C# fast Except method for sorted list

Question

I am working on an application whose bottleneck is list1.Except(list2). From this post : should i use Except or Contains when dealing with HashSet or so in Linq the complexity of except is O(m+n) (m and n standing for the sizes of the lists). However, my lists are sorted. Can this help ?

The first implementation I can think of :

foreach element in list2 (m operations)
    look for it in list1 (ln(n) operations)
    if present 
        set it to null (O(1), removing has a O(n))
    else continue

It has complexity O(m*ln(n)), which is very interesting when m is small and n is large (this is exactly the case with my data sets : m is around 50, n is around 1 000 000). However the fact that it produces null may have a lot of implications on the functions using it... Is there any way to keep this complexity, without having to write nulls (and then keeping track of them)

Any help would be greatly appreciated!

Answer 1

using System;
using System.Collections.Generic;

public class Test
{
    public static void Main()
    {
        var listM = new List<int>();
        var listN = new List<int>();
        for(int i = 0, x = 0; x < 50; i+=13, x++) { 
            listM.Add(i);
        }
        for(int i = 0, x = 0; x < 10000; i+=7, x++) { 
            listN.Add(i);
        }
        Console.WriteLine(SortedExcept(listM, listN).Count);
    }

    public static List<T> SortedExcept<T>(List<T> m, List<T> n) {
        var result = new List<T>();
        foreach(var itm in m) {
            var index = n.BinarySearch(itm);
            if(index < 0) { 
                result.Add(itm); 
            }
        }
        return result;
    }
}

EDIT Here's the O(M + N) version as well

public static List<T> SortedExcept2<T>(List<T> m, List<T> n) where T : IComparable<T> {
    var result = new List<T>();
    int i = 0, j = 0;
    if(n.Count == 0) {
        result.AddRange(m);
        return result;
    }
    while(i < m.Count) {
        if(m[i].CompareTo(n[j]) < 0) {
            result.Add(m[i]);
            i++;
        } else if(m[i].CompareTo(n[j]) > 0) {
            j++;
        } else {
            i++;
        }
        if(j >= n.Count) {
            for(; i < m.Count; i++) { 
                result.Add(m[i]); 
            }
            break;
        }
    }
    return result;
}

In a quick & dirty benchmark http://ideone.com/Y2oEQD M + N is always faster even when N is 10million.

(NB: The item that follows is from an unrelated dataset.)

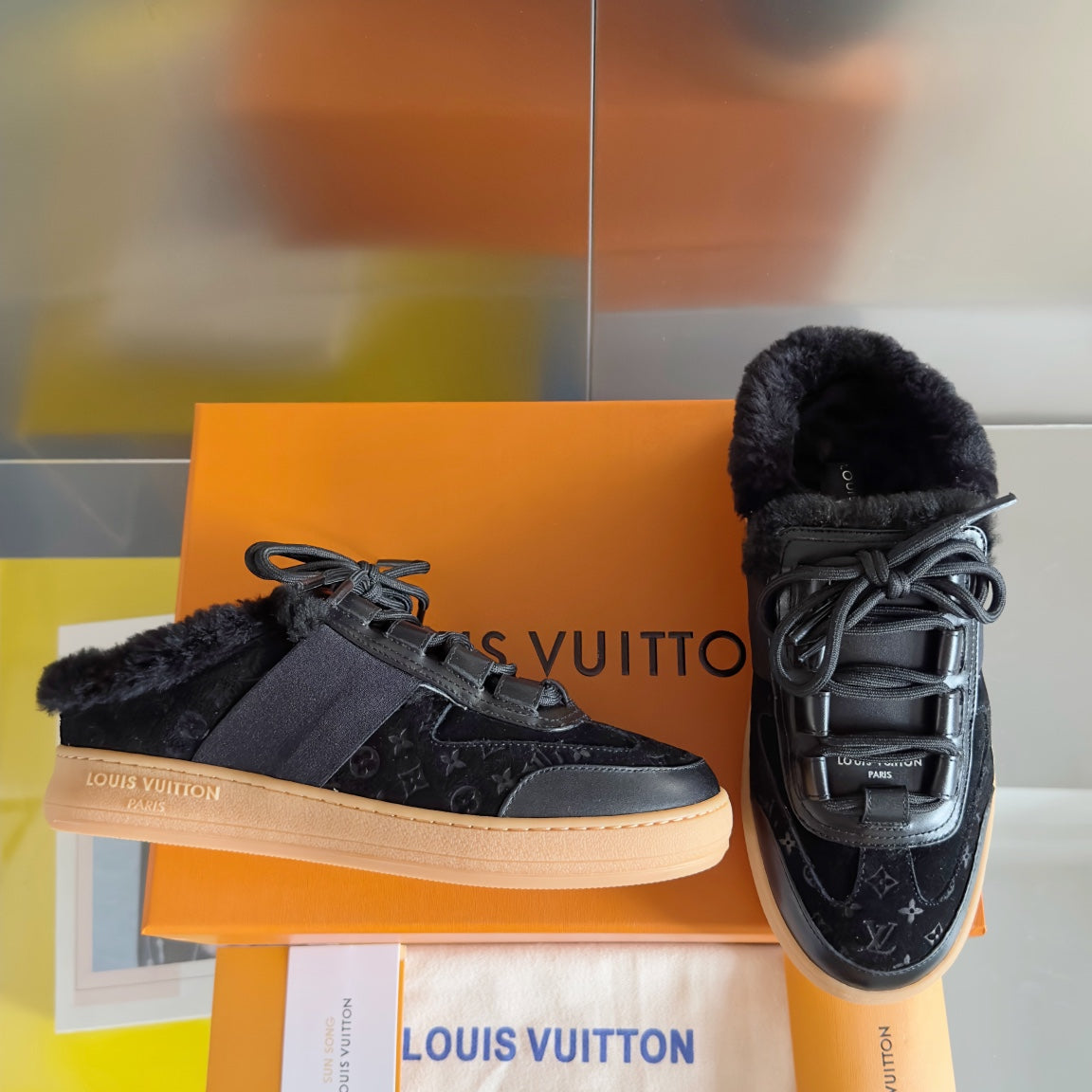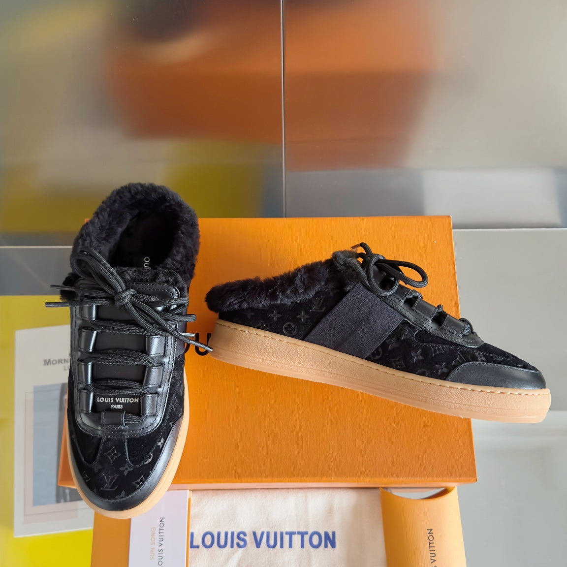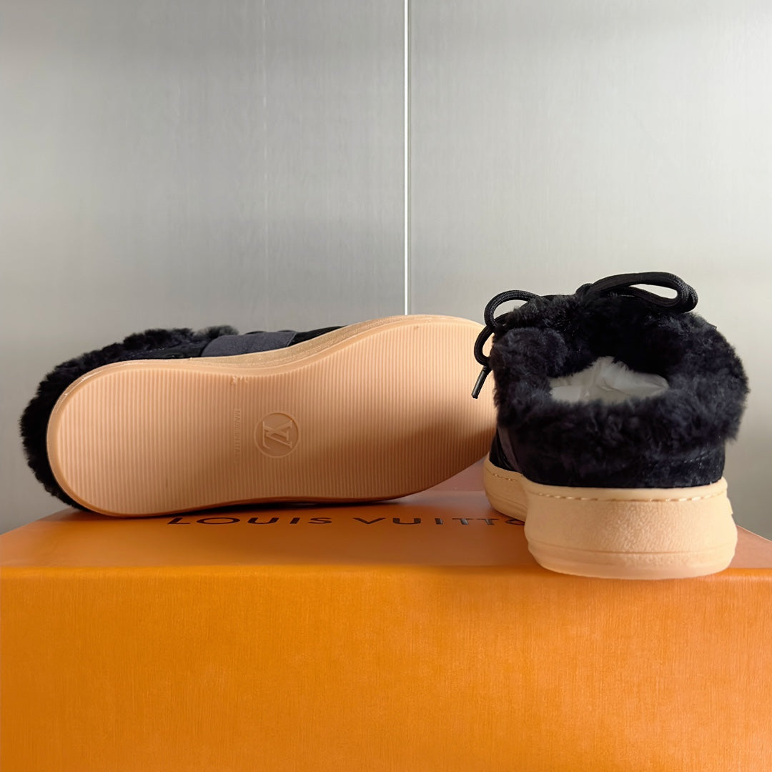 LV Lous Open Back Sneaker 30mm Black Monogram Suede
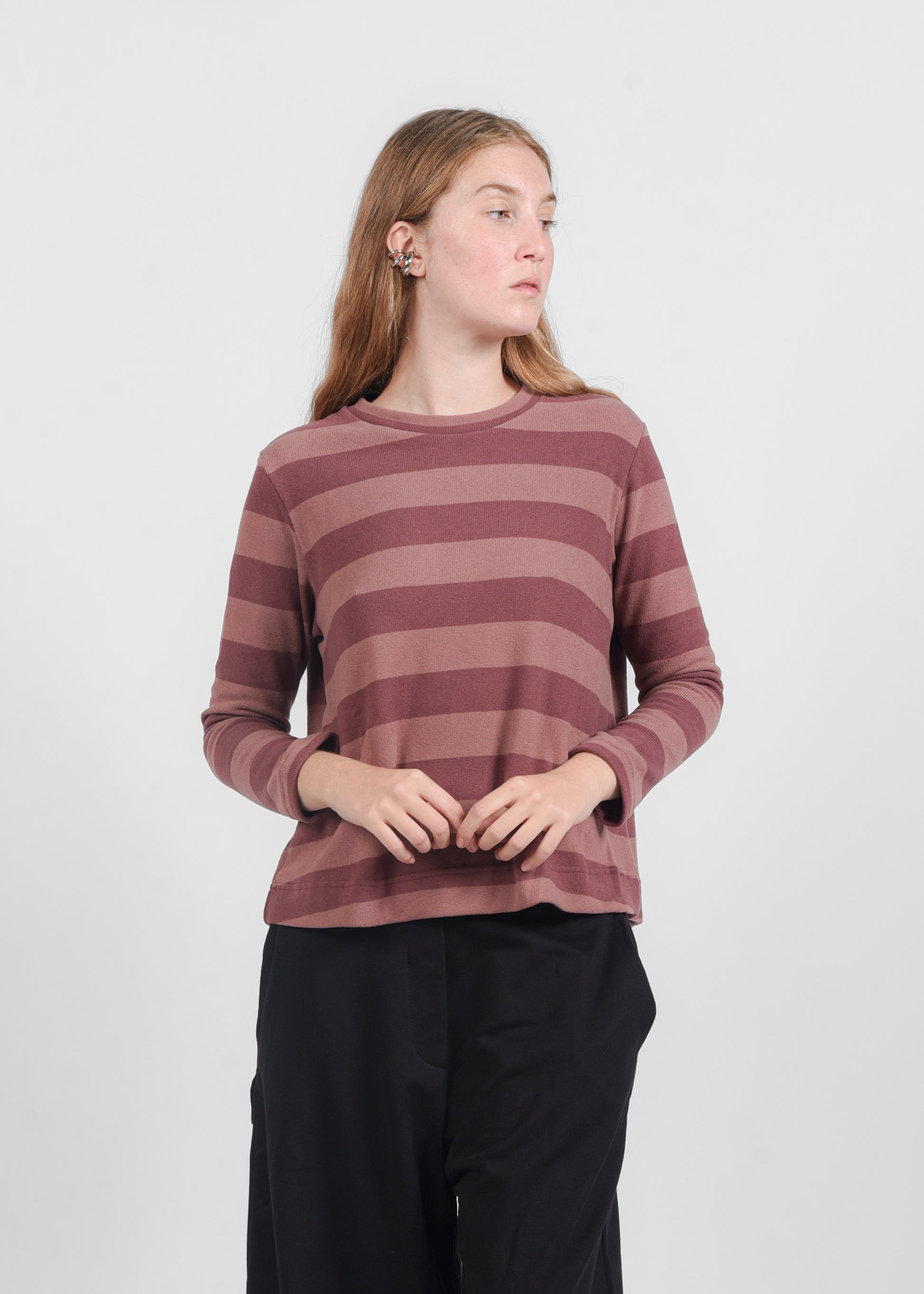 Maglia girocollo modello scarola con fantasia a righe, dal taglio morbido e confortevole. Realizzata in una miscela di 48% cotone, 48% poliestere e 4% elastan, garantisce vestibilità, comfort e leggerezza, ideale per look casual o quotidiani.

BinarySearch suffers penalties because it's accessing array memory in a non-linear fashion; this causes cache misses which slows down the algorithm, so the larger N gets the more memory access penalties with BinarySearch.

Answer 2

If both lists are sorted, then you can implement your own solution easily:

listA except listB algorithm then works as follows:

1. Start from the beginning of both lists
2. If listA element is smaller than the listB element,
   then include the listA element in the output and advance listA
3. If listB element is smaller than the listA element, advance listB
4. If listA and listB elements are equal,
   advance both lists and do not push the element to the output

Repeat until listA is exhausted. Take special care that listB might be exhausted before listA.